Puppet master service

8140

Puppet node service

8139

rpc.statd

668

ssh

22

xinetd (service tag)

6481


2.8.3 Security of Software Components

Following are configuration details about the software components and any special security precautions they require.

2.8.3.1 Puppet

The puppet node service (puppetd) runs continuously as root on all servers. It listens on port 8139 for "kick" requests, which trigger it to request updates from the puppet master. It does not receive updates on this port.

The puppet master service (puppetmasterd) runs continuously as the puppet user on the first server of the primary Oracle Big Data Appliance rack. It listens on port 8140 for requests to push updates to puppet nodes.

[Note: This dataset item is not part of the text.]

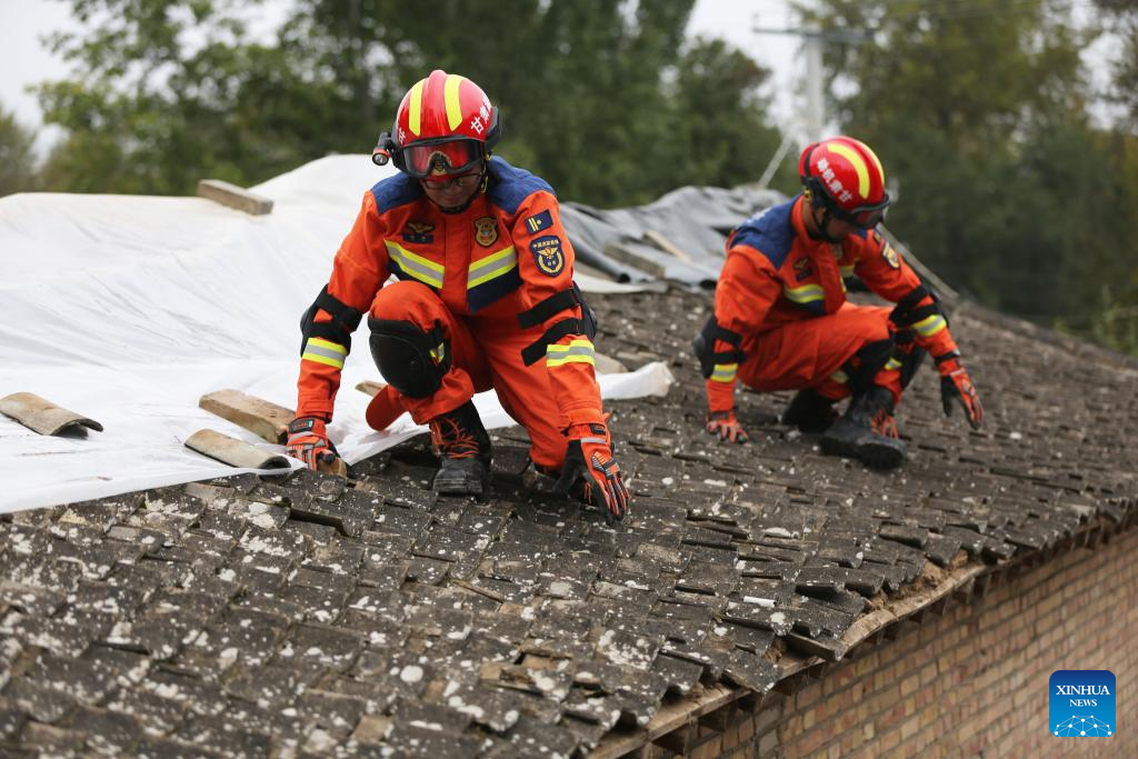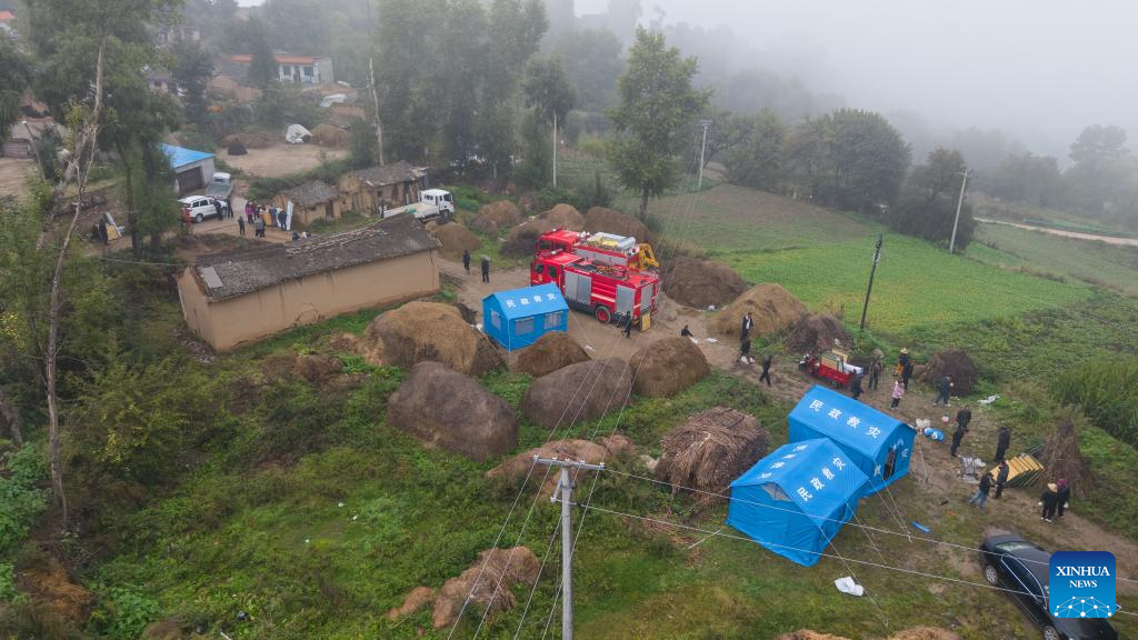 Rescuers conduct risk inspections at Hualin Village of Wenfeng Town in Longxi County, Dingxi City, northwest China's Gansu Province, Sept. 27, 2025. A 5.6-magnitude earthquake struck Longxi County in Dingxi City in northwest China's Gansu Province at 5:49 a.m. Saturday, the China Earthquake Networks Center (CENC) said. (Photo by Wang Kexian/Xinhua)

The puppet nodes generate and send certificates to the puppet master to register initially during installation of the software. For updates to the software, the puppet master signals ("kicks") the puppet nodes, which then request all configuration changes from the puppet master node that they are registered with.

The puppet master sends updates only to puppet nodes that have known, valid certificates. Puppet nodes only accept updates from the puppet master host name they initially registered with. Because Oracle Big Data Appliance uses an internal network for communication within the rack, the puppet master host name resolves using /etc/hosts to an internal, private IP address.